William Turner Catledge (/ˈkætlᵻdʒ/; 1901–1983) was an American journalist, best known for his work at The New York Times. He was Managing Editor from 1952-1964, at which time he became the paper's first Executive Editor. After his retirement in 1968, he served briefly on the board of The New York Times company as a vice president. He published his autobiography, My Life and The Times, in 1971.
Catledge was born on March 17, 1901 to his parents, Lee Johnston Catledge and Willie Anna Turner, and older sister Bessie Lee Catledge, on his grandfather’s 900-acre (3.6 km2) farm in Ackerman, Mississippi. When he was three, his family moved to Philadelphia, Mississippi. After graduating from Philadelphia High School in 1918, he enrolled at Mississippi A&M with a science major.
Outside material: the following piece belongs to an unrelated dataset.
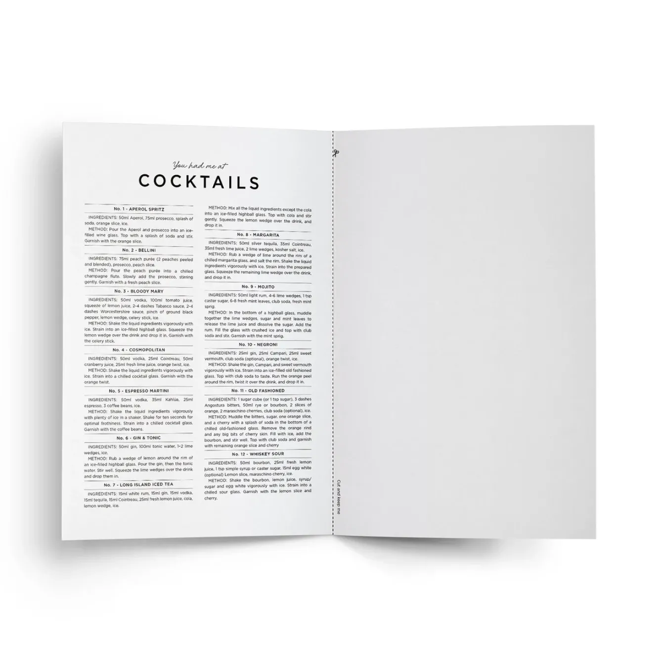 The card doubles as a cut-off cocktail recipe guide with the ingredients and methods printed on the inside left which the recipient can use to master all 12 classic cocktails. The inside right is blank for your handwritten note. The perfect keepsake for the cocktail lover in your life.

Catledge's first news job was at fourteen years old for the Neshoba Democrat, setting type. After college, the Democrat offered him another job but instead he became editor of the Tunica Times (Tunica, Mississippi) in 1922, and later managing editor and mechanical superintendent of the Tupelo Journal (Tupelo, Mississippi). At the Journal he campaigned against the Ku Klux Klan, who were most active during this time period; in response, the Klan burned down the newspaper plant.
After Catledge lost his job due to the Tupelo Journal incident, he moved to Memphis, Tennessee; there, he worked for The Commercial Appeal, the city's daily newspaper.
Finally, in the spring of 1929, Catledge began working at The New York Times, starting in the New York bureau, until later when he began work in the company's Washington, D.C. bureau as a reporter covering the U.S. House of Representatives.